Home Artificial Intelligence Why You Should Consider Using Fortran As A Data Scientist Background What’s Fortran? Benefits & Disadvantages Setting Up Fortran Performance Example: Knapsack Problem Summary & Further Thoughts References & Further Reading Connect With Me!

Why You Should Consider Using Fortran As A Data Scientist Background What’s Fortran? Benefits & Disadvantages Setting Up Fortran Performance Example: Knapsack Problem Summary & Further Thoughts References & Further Reading Connect With Me!

3
Why You Should Consider Using Fortran As A Data Scientist
Background
What’s Fortran?
Benefits & Disadvantages
Setting Up Fortran
Performance Example: Knapsack Problem
Summary & Further Thoughts
References & Further Reading
Connect With Me!

An exploration of the advantages that Fortran can bring to Data Science and Machine Learning

Photo by Federica Galli on Unsplash

Python is widely considered the gold standard language for Data Science, and your complete range of packages, literature, and resources related to Data Science is at all times available in Python. This isn’t necessarily a foul thing, because it implies that there are many documented solutions for any data-related problem that you might encounter.

Nonetheless, with the appearance of larger datasets and the rise of more complex models, it might be time to explore other languages. That is where the old-timer, , may develop into popular again. Subsequently, it is worth it for today’s Data Scientists to develop into aware of it and possibly even attempt to implement some solutions.

Fortran, short for Formula Translator, was the primary widely used programming language that originated within the Fifties. Despite its age, it stays a high-performance computing language and might be faster than each C and C++.

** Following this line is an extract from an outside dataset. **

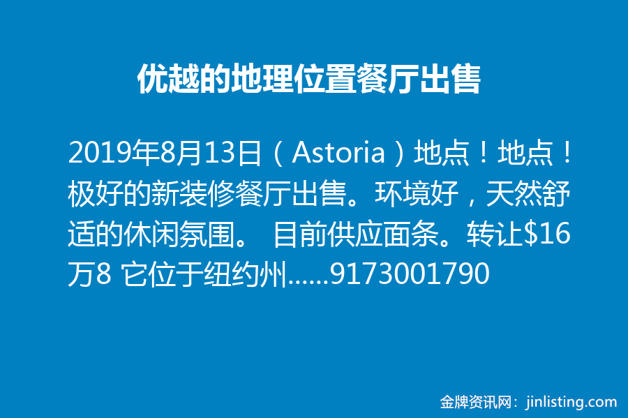 “优越的地理位置餐厅出售(Astoria) 地点!地点!地点! 极好的新装修餐厅出售。环境好,天然舒适的休闲氛围。 目前供应面条。转让$16万8 它位于纽约州Astoria的一个很棒的地段,11103。 角落位置。旁边有两所主要的学校。 有很多很多的人流量。 900平方英尺30个座位。 每月租金$4400美元,3%年增加率, 5年租约,5年续约权。 https://www.youtube.com/watch?v=myVt3-O6ujM 预约看店,请联系:美房置业纽约地产 Henry He何亨利团队 电话May:9173001790或微信何先生:16463388518”

Initially designed for scientists and engineers to run large-scale models and simulations in areas comparable to fluid dynamics and organic chemistry, Fortran continues to be ceaselessly used today by physicists. I even learned it during my physics undergrad!

Its specialty lies in modelling and simulations, that are essential for varied fields, including Machine Learning. Subsequently, Fortran is perfectly poised to tackle Data Science problems, as that’s exactly what it was invented to do many years ago.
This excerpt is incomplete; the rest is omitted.